- SUPPLIED INFORMATION -
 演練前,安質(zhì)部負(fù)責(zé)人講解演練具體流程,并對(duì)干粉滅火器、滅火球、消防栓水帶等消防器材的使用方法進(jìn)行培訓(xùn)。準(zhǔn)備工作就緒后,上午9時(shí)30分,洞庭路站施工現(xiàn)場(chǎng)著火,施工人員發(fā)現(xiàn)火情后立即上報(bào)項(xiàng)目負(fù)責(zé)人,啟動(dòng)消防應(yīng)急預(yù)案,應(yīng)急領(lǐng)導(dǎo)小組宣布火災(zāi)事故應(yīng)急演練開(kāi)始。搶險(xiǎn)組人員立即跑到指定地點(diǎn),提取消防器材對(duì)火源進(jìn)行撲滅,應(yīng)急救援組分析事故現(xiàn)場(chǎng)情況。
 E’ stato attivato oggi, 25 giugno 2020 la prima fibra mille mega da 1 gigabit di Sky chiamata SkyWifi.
--
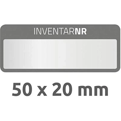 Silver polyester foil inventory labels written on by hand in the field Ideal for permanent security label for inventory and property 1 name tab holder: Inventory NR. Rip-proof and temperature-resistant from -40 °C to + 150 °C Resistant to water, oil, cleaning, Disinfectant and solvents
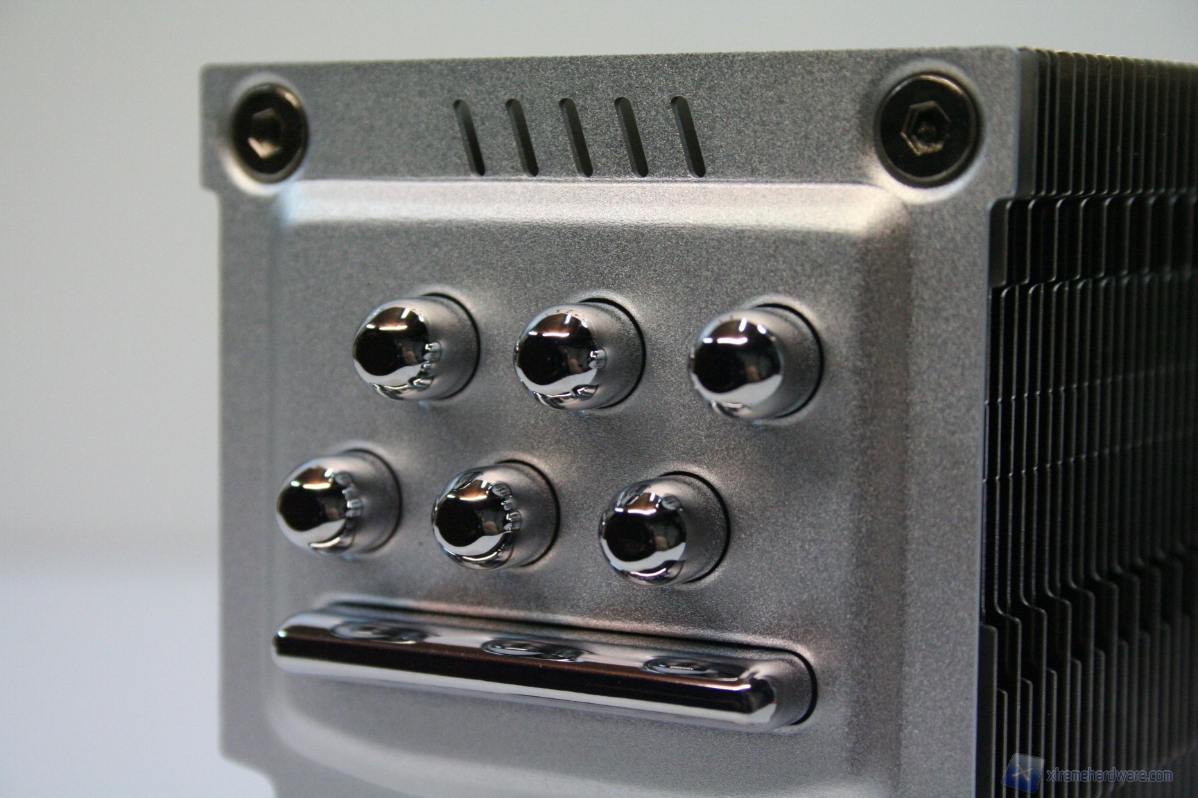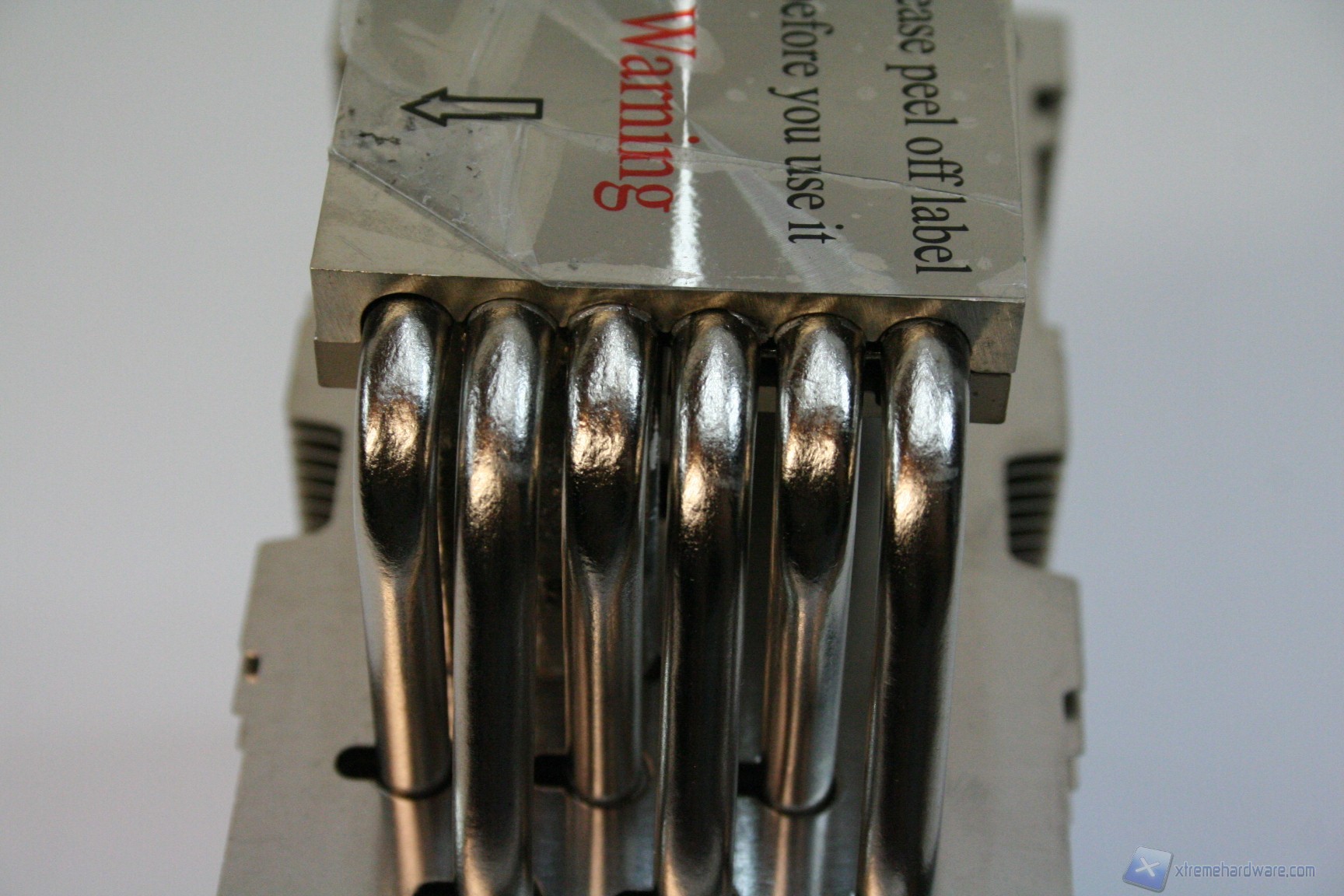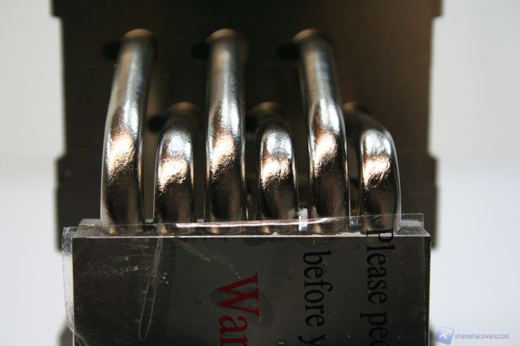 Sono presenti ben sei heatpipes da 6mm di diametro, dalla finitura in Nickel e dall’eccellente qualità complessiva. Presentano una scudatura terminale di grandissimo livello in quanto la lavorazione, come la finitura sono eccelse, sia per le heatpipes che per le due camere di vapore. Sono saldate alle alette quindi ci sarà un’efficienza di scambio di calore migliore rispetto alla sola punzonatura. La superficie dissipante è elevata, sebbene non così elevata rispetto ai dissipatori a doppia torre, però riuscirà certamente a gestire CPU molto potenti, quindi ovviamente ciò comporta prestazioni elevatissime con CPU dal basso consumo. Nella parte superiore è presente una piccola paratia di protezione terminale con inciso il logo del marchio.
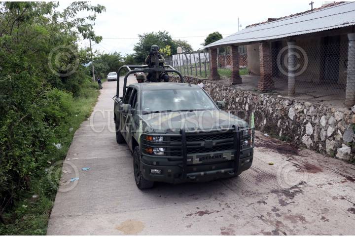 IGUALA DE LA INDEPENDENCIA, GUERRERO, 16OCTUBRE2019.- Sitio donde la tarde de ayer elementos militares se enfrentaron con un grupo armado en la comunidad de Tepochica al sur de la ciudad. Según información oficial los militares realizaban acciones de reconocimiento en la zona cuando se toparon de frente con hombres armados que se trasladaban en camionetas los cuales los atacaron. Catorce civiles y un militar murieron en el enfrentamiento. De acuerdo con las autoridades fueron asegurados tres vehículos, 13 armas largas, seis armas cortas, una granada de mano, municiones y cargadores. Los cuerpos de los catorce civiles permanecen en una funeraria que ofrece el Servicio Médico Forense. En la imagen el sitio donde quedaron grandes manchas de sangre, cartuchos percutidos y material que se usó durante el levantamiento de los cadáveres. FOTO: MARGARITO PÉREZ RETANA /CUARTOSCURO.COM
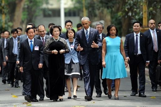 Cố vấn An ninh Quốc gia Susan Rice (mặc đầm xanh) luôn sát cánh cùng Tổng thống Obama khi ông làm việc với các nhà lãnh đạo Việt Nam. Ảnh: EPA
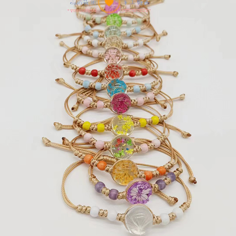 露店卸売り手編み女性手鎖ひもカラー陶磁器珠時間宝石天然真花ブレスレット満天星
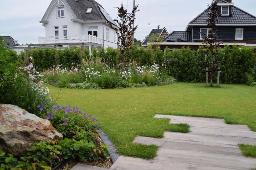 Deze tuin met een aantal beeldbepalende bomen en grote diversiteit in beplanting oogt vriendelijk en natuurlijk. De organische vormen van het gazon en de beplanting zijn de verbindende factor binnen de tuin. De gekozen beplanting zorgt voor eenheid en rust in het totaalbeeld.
==
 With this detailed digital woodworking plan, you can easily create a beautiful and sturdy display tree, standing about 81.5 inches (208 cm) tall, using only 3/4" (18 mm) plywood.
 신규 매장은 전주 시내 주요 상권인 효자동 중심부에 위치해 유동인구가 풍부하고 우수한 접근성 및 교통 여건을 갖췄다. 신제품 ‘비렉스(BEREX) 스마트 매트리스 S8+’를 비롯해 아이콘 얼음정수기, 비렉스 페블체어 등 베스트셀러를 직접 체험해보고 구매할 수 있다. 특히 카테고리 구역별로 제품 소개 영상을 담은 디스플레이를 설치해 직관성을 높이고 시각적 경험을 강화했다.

- EXERCISE AIM -
After locating the line holding "演練前,安質(zhì)部負(fù)責(z" above, output exactly that line and every line after it through the line holding "E’ stato attivato". Include nothing else.

- RESULT OF THIS TASK -
 演練前,安質(zhì)部負(fù)責(zé)人講解演練具體流程,并對(duì)干粉滅火器、滅火球、消防栓水帶等消防器材的使用方法進(jìn)行培訓(xùn)。準(zhǔn)備工作就緒后,上午9時(shí)30分,洞庭路站施工現(xiàn)場(chǎng)著火,施工人員發(fā)現(xiàn)火情后立即上報(bào)項(xiàng)目負(fù)責(zé)人,啟動(dòng)消防應(yīng)急預(yù)案,應(yīng)急領(lǐng)導(dǎo)小組宣布火災(zāi)事故應(yīng)急演練開(kāi)始。搶險(xiǎn)組人員立即跑到指定地點(diǎn),提取消防器材對(duì)火源進(jìn)行撲滅,應(yīng)急救援組分析事故現(xiàn)場(chǎng)情況。
 E’ stato attivato oggi, 25 giugno 2020 la prima fibra mille mega da 1 gigabit di Sky chiamata SkyWifi.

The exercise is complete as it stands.